Stored data entries
┌────────
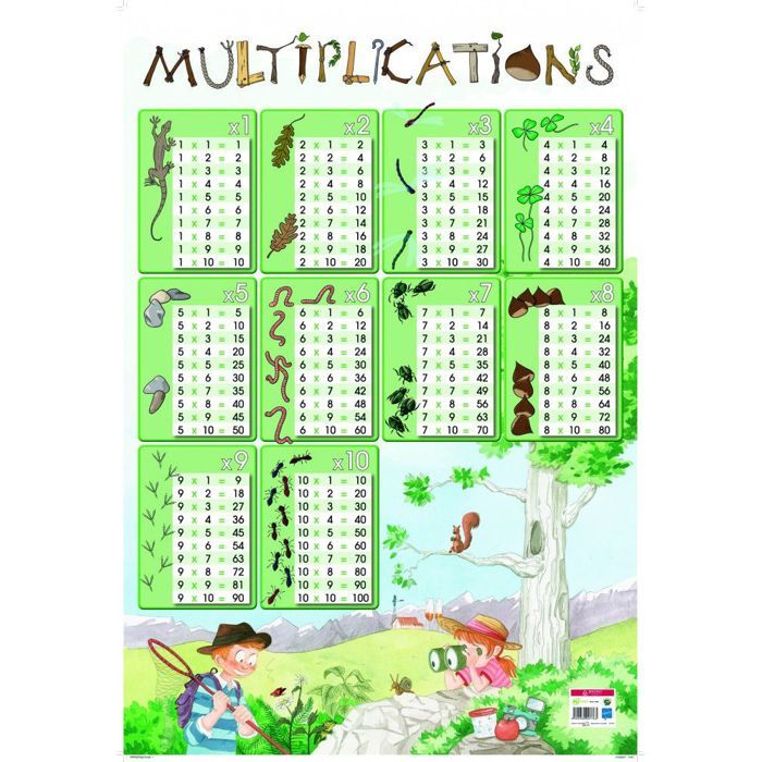 Poster Pedagogique Tables De Multiplications 52 X 76 Cm 52 Cm
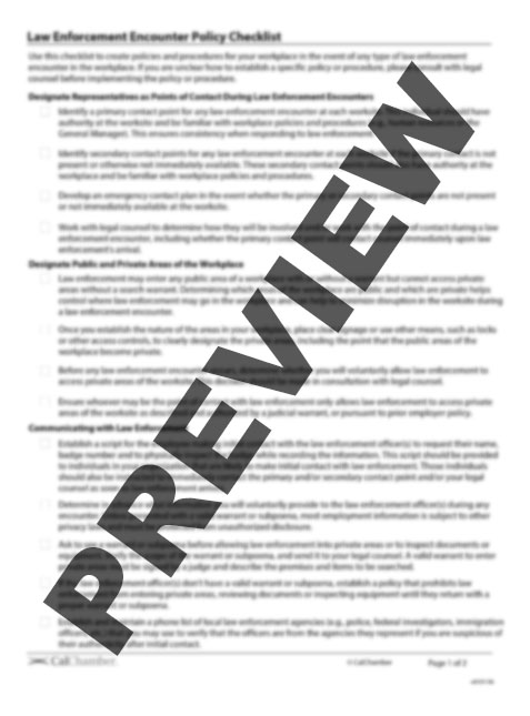 Use this checklist to create policies and procedures for your workplace in the event of any type of law enforcement encounter in the workplace.
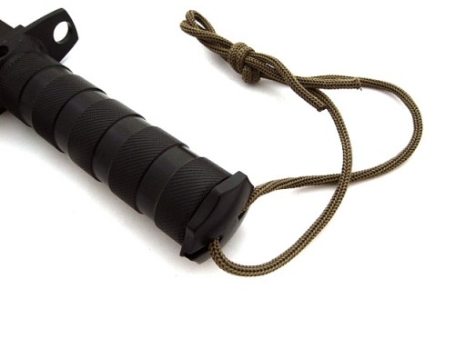 Чорна кобура з кордури дозволяє закріпити військовий ніж на поясі, щоб він завжди був під рукою.
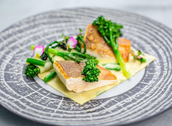 Filet candáta s pyré z pečené cibule, máslovou kapustou, marinovanými cibulkami, praženými lískovými oříšky a zálivkou se zázvoru, citronu a medu.
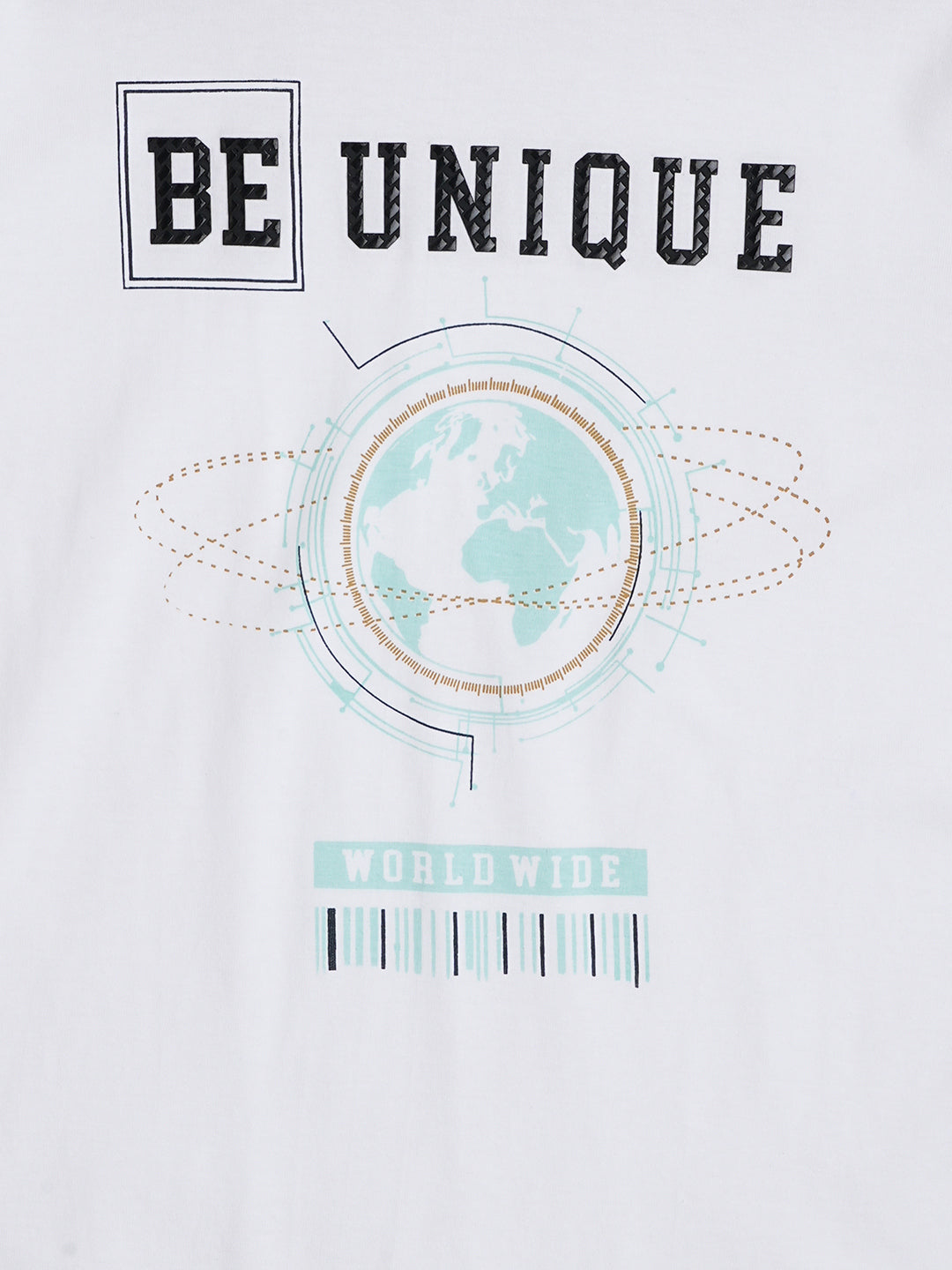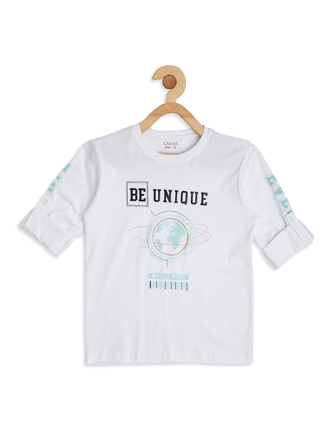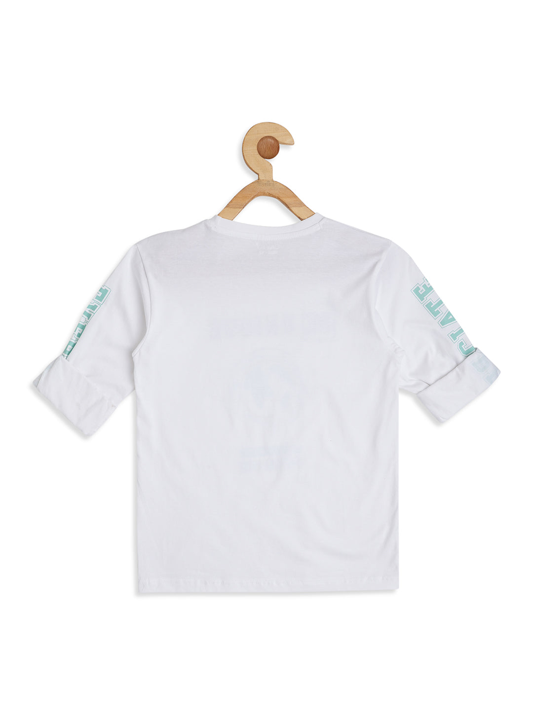 Comes with a white typography printed long roll-up sleeves T-shirt
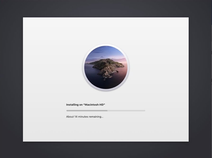 2) apple logo long loading bar followed by Catalina logo installing (OTA pre-scripts verifying on your APFS volume) (it may take up to 15 minutes, but on average about 10 minutes)
└────────
▸ **Work required**
Give again, exactly as written above, each line from the one that has "Filet candáta s" to the one that has "Comes with a white", both included; omit the pictures.

▸ **Response box**
 Filet candáta s pyré z pečené cibule, máslovou kapustou, marinovanými cibulkami, praženými lískovými oříšky a zálivkou se zázvoru, citronu a medu.
 Comes with a white typography printed long roll-up sleeves T-shirt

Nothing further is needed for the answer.